Badblocks reports "weird value (4294967295) in do_write" when writing patterns

Question

This is the second time that I'm receiving this error running badblocks, approximately 2 years apart from the last time, and the vast majority of factors from hardware (cables, etc.) to software (the installation of the operating system itself) have changed since, with the only relevant common factors being Cygwin and the badblocks program itself, making it highly likely that the issue is between those.

When running badblocks in destructive mode (i.e. with the -w switch), I get the error:

Weird value (4294967295) in do_writerrors

...at each stage of writing the patterns to the drive.

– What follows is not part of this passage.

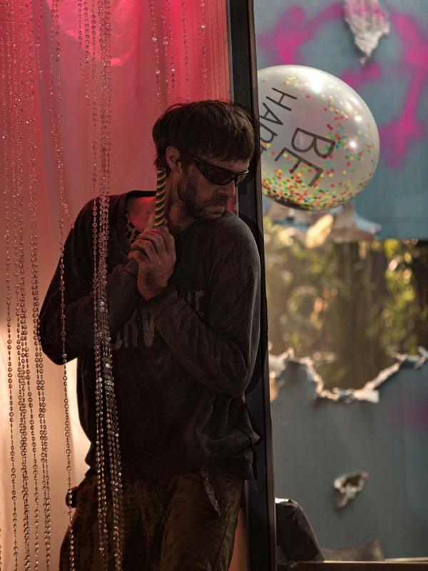 On dirait qu’un tsunami est passé par là. Après une quarantaine de minutes environ, la fête s’éteint brusquement. Le décor a été saccagé en temps réel, sous nos yeux ébahis. Mais il n’y a pas eu de tsunami ni de séisme ou autre catastrophe naturelle. La destruction est l’œuvre exclusive d’une jeunesse égotique et technophile (musicalement parlant) et le vandalisme fut l’acte ultime d’un microcosme hédoniste. En costume de Tarzan, en poule ou en treillis, ils se sont livrés à leurs envies, leurs instincts, aux plaisirs de la musique, du champagne, de la chair. Et au fond du plateau, un vieux poste au petit écran brouillé transmettait les nouvelles de la pollution des océans, d’inondations et de sécheresse.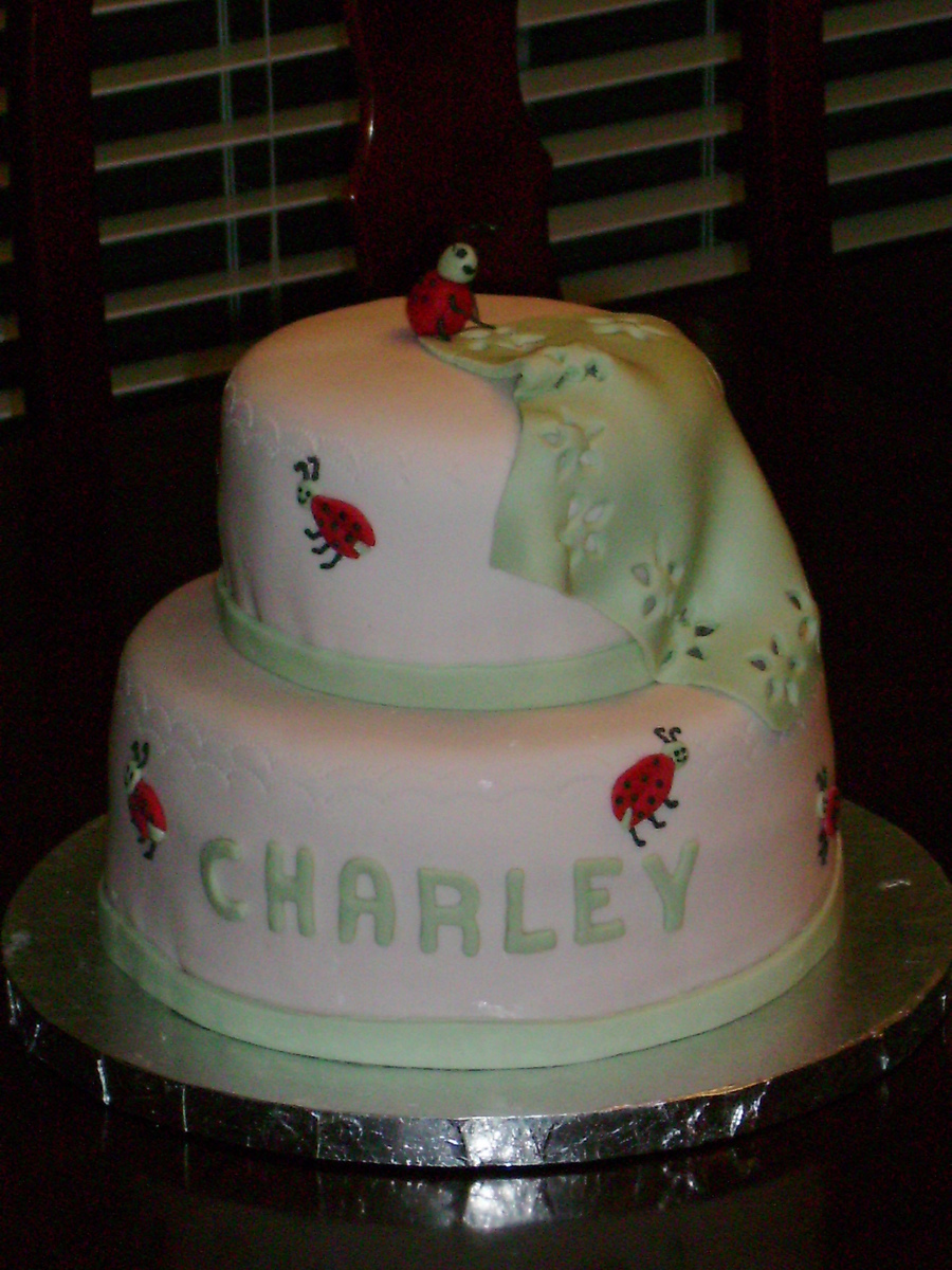 This was a sourcream white cake with fondant icing and fondant/royal icing lady bugs. Thanks for looking.

As far as I can tell, I seem to get this error only when running the command with the specified last block reported by fdisk -l:

$ fdisk -l /dev/sda
Disk /dev/sda: 931.5 GiB, 1000204886016 bytes, 1953525168 sectors
Units: sectors of 1 * 512 = 512 bytes
Sector size (logical/physical): 512 bytes / 512 bytes
I/O size (minimum/optimal): 512 bytes / 512 bytes

$ badblocks -b 512 -vws /dev/sda 1953525168 1953525168
Checking for bad blocks in read-write mode
From block 1953525168 to 1953525168
Testing with pattern 0xaa: Weird value (4294967295) in do_writerrors)
done
Reading and comparing: 1953525168ne, 0:00 elapsed. (0/0/0 errors)
done
Testing with pattern 0x55: Weird value (4294967295) in do_writerrors)
done
Reading and comparing: done
Testing with pattern 0xff: Weird value (4294967295) in do_writerrors)
done
Reading and comparing: done
Testing with pattern 0x00: Weird value (4294967295) in do_writerrors)
done
Reading and comparing: done
Pass completed, 1 bad blocks found. (1/0/0 errors)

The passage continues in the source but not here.